▸ **REQUIRED WORK**
Transcribe only the lines of the listing below from the one holding "Sterling silver Claddagh" through the one holding "NatureHike挪客户外便携折叠椅 休靠背椅 旅游露营钓鱼休闲椅子超轻克米特椅", inclusive, without any change.

▸ **DATA SUPPLIED**
========
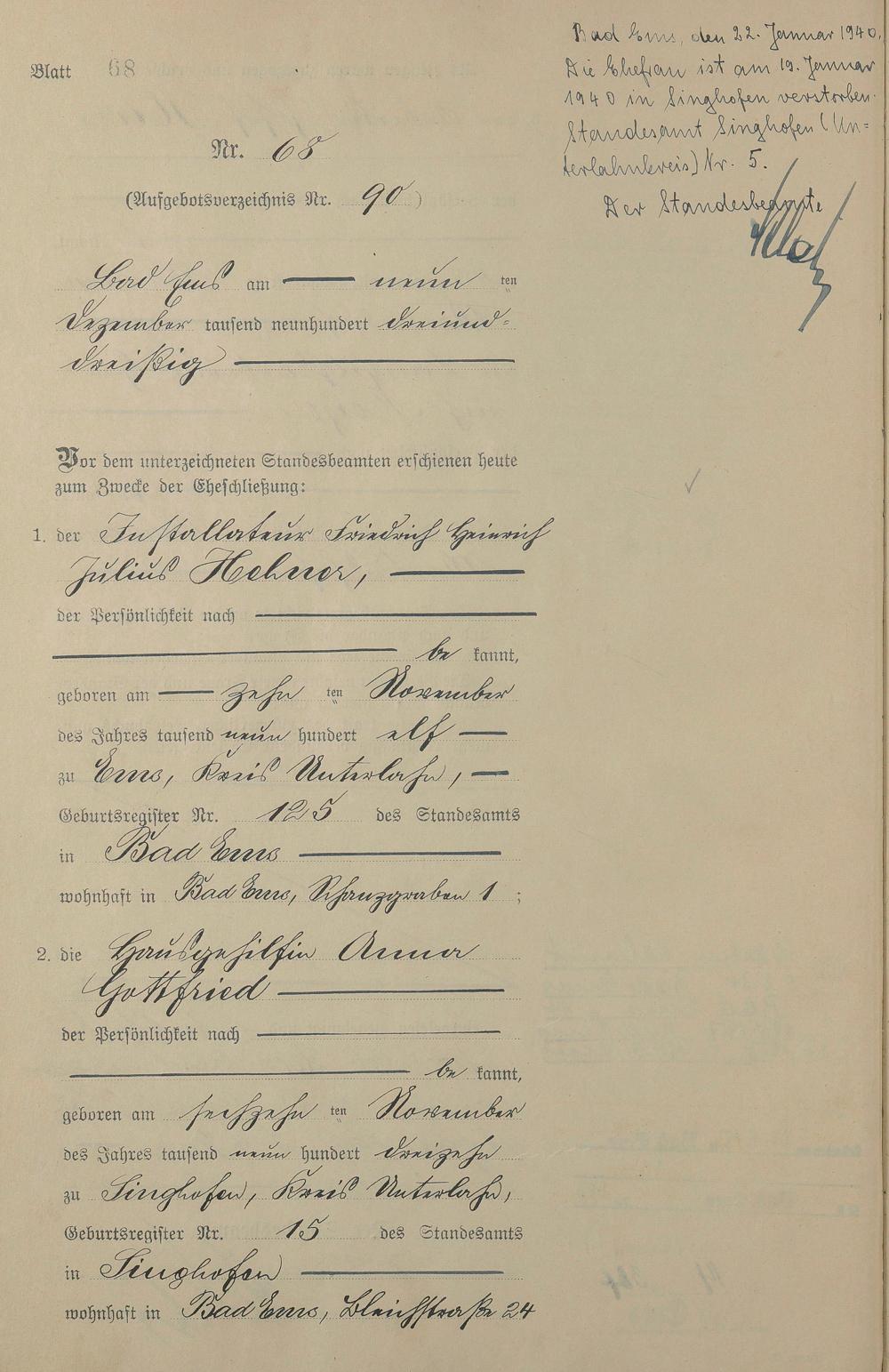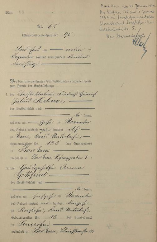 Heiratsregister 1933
========
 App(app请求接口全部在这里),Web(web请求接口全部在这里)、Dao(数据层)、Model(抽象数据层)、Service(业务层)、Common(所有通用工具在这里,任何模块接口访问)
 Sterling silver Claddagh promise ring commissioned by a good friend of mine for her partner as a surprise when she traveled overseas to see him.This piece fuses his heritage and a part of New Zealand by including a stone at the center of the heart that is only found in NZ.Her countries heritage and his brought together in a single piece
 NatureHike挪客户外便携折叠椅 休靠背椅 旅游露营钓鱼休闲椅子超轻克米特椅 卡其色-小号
========
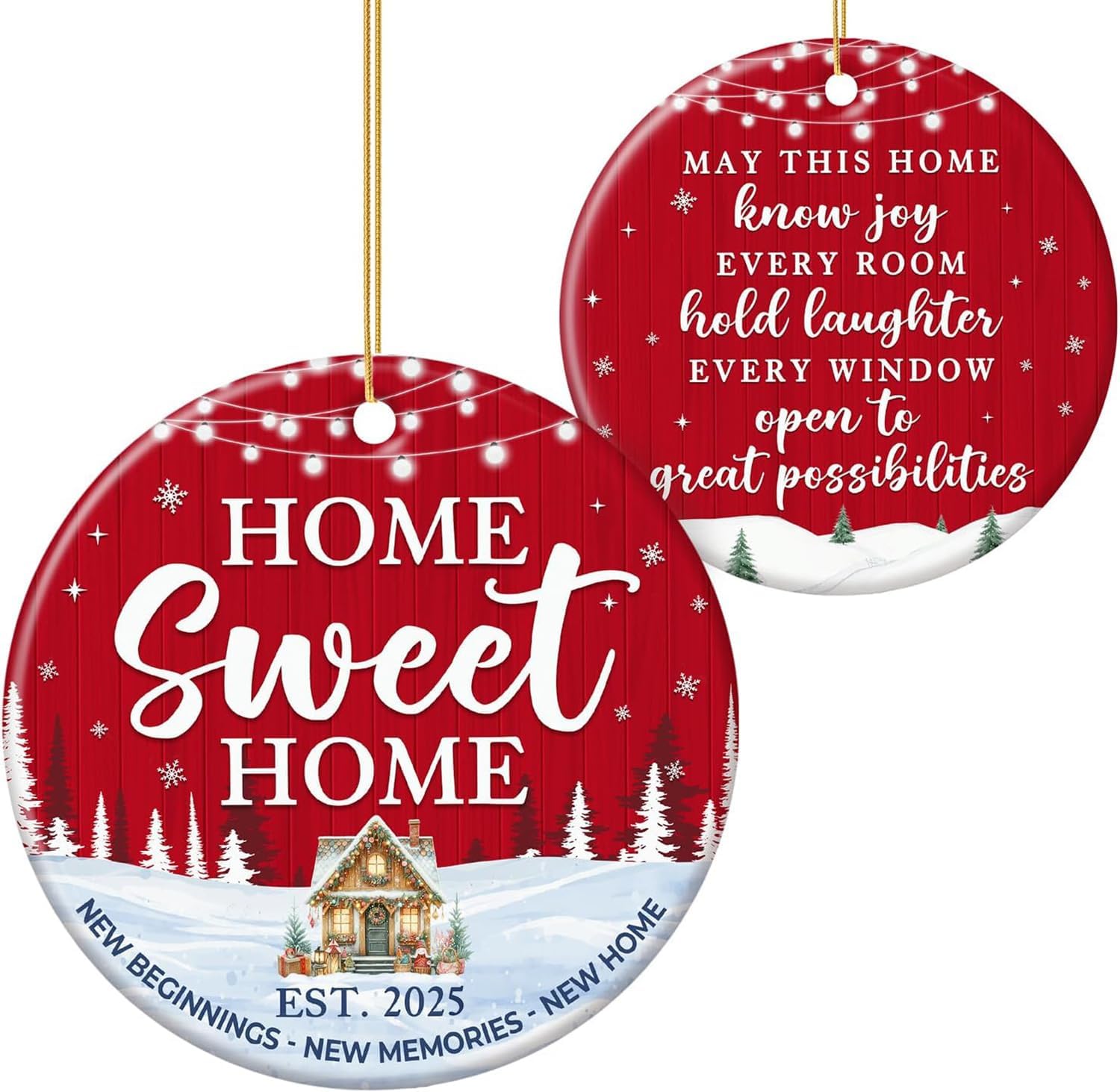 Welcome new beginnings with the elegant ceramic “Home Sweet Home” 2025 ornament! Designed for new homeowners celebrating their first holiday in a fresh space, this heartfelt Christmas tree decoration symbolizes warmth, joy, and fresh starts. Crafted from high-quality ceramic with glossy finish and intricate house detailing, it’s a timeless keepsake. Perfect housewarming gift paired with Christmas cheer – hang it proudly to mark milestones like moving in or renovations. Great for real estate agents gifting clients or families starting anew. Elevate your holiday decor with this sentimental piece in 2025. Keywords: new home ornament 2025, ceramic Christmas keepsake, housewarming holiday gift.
========
▸ **RESPONSE**
 Sterling silver Claddagh promise ring commissioned by a good friend of mine for her partner as a surprise when she traveled overseas to see him.This piece fuses his heritage and a part of New Zealand by including a stone at the center of the heart that is only found in NZ.Her countries heritage and his brought together in a single piece
 NatureHike挪客户外便携折叠椅 休靠背椅 旅游露营钓鱼休闲椅子超轻克米特椅 卡其色-小号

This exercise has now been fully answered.